Most of us are aware of the changes that are currently going on about this planet, solar system, and galaxy. These changes and processes that are taking place are very important to me. My mind is buzzing about these events, stories, theories, and experiences trying to find some truth in the turbulence. As I live and grow I am beginning to notice a pattern throughout my experiences that is defining my purpose here more and more specifically each day. My main concern here is I keep having this feeling of being lost or disconnected...

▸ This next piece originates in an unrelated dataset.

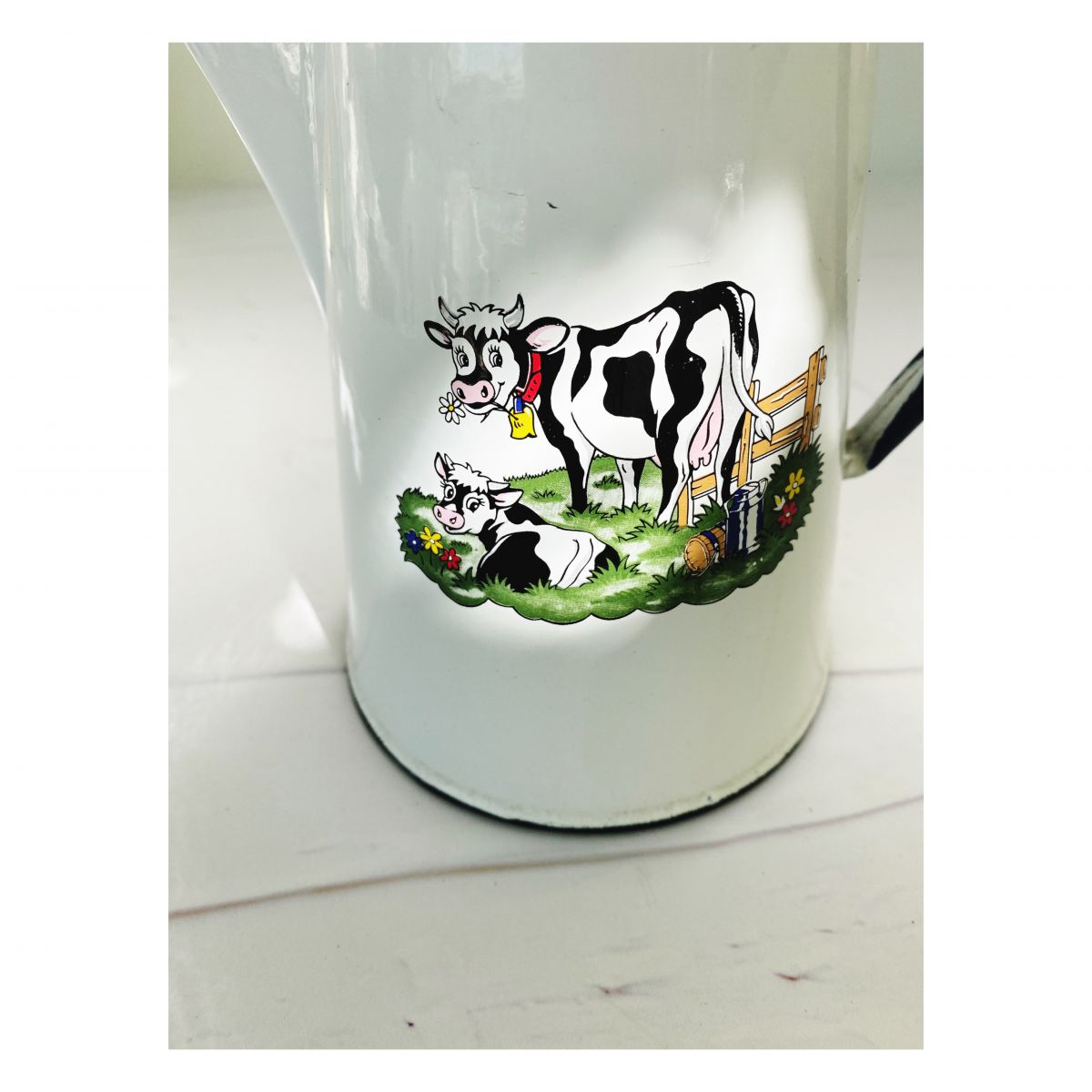 Grande Cafetière émaillée décor vaches, c’est cute, c’est kitsch, c’est style campagne, c'est à vous de décider

Recently I have withdrawn myself from many of the crowds I have been involved with and really began to be with the 'right' people. This means I have a few friends, from many different circles of life. I keep mainly to myself, and my family here on earth, knowing that this is where I need to be. Within the circle of my relationships stories are being told of extraordinary dreams, out of body experiences, experiences with higher beings, and being able to channel certain energies. It seems to me that these changes of ascension are becoming more and more prominent with the people around me than with myself.
Naturally this raises questions. Am I supposed to feel disconnected from the many realities of the universe? Am I making the wrong actions here in this lifetime? My main concern is that I do not notice myself becoming more developed spiritually like the world around me. I long to meet my spirit guides, and my ancestors. I long to feel that ecstasy of divine cosmic love. I yearn so much to walk the astral plane and experience those higher density vibrations. Yet here I am. I can't remember the last dream I had. I have not been in contact with any of the multitude of ET's that are surrounding our planet. I feel trapped here in this life, in this dimension, watching the world around me evolve.

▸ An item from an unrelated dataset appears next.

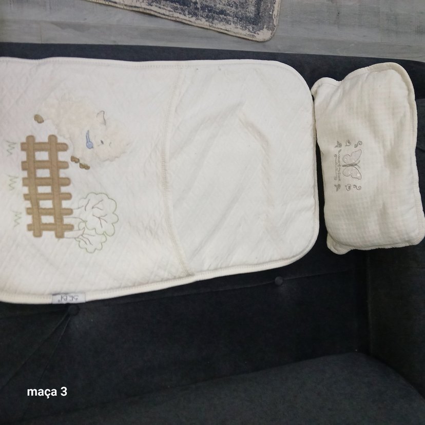 Yumuşak ve sıcak kumaştan beyaz bebek uyku minderi ve yastık seti, sade ve desensiz tasarıma sahip, hafif süslemeler içerir. ️

I know this message sounds bitter, and even selfish. But this is true to me. I live it everyday. I believe in the truth and power of our universe to the ultimate degree, but I feel that I 'my wings' have been cut. There was a time when I was a child, when I was flying through cities of golden light in my dreams. When i was a child I was also able to contact my twin flame (who is not incarnated in this time/space). I have since become so stagnant in this life that I feel I need a guide, a teacher if you will. I have no such being I can discuss these matters with, for my friends and family come to me for such advise. which brings me to my next point.

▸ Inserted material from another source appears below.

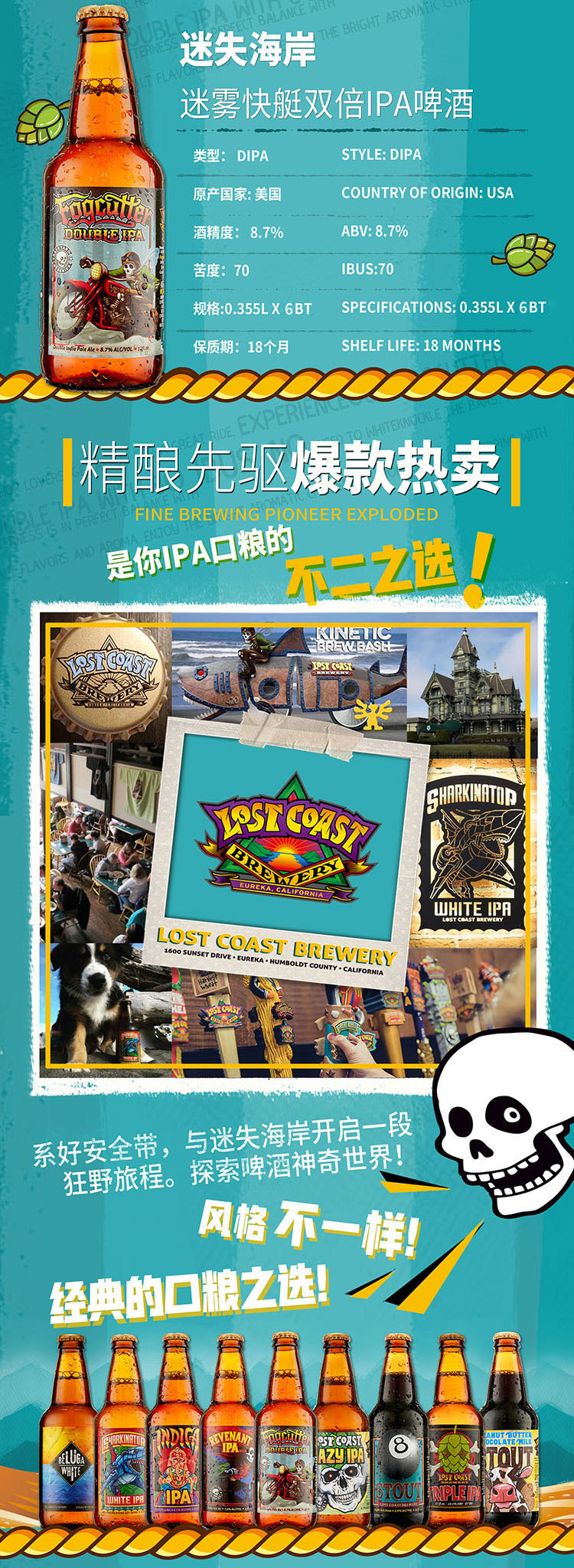 国产/进口:进口;产地:美国;适用场景:家庭聚会,自斟自饮,派对必备,烧烤撸串,酒吧夜店;包装:组合装;容量:331-499mL;类别:精酿;原料:水、麦芽、啤酒花、酵母;保质期:18个月;酒精度:8.7% vol;原产地:美国;原麦汁浓度:18°P;存储方法:存放于阴凉干燥处,请勿倒置,冰镇后饮用更佳;容量:355ml;产品重量:3.56kg;包装清单:迷失海岸 (LOST COAST) 迷雾快艇双倍IPA啤酒 355ml*6瓶;

Ever since I was a child, people have been coming to me with questions, concerns, stories, anything that they wanted to share, it has been with me. I have been a great secret keeper, and a confidant for friends and family. I have been blessed with the gift of teaching and instructing. I have been able to explain matters that I have not yet been taught (in this lifetime). My concern here is that since I have had this feeling of disconnectedness, and isolation from the universe (to say it simply), Am I still "qualified" in teaching and instruction of the universe as I believe it to be? I feel less and less confident that I am who I need to be as an agent of ascension in this life. I know my gifts are my responsibility, and that I need to keep loving all the time, but I feel that the stunting of my own spiritual growth and experiences is making me less capable of a loving dharma.
Ultimately I feel as if there is something blocking my experiences with the higher diamensions and the rest of the universe. If anyone has any ideas that can aid me in my evolution, and experiences please share. Or if you have concerns of your own. Please put it all on the table and I' d like to see a positive discussion.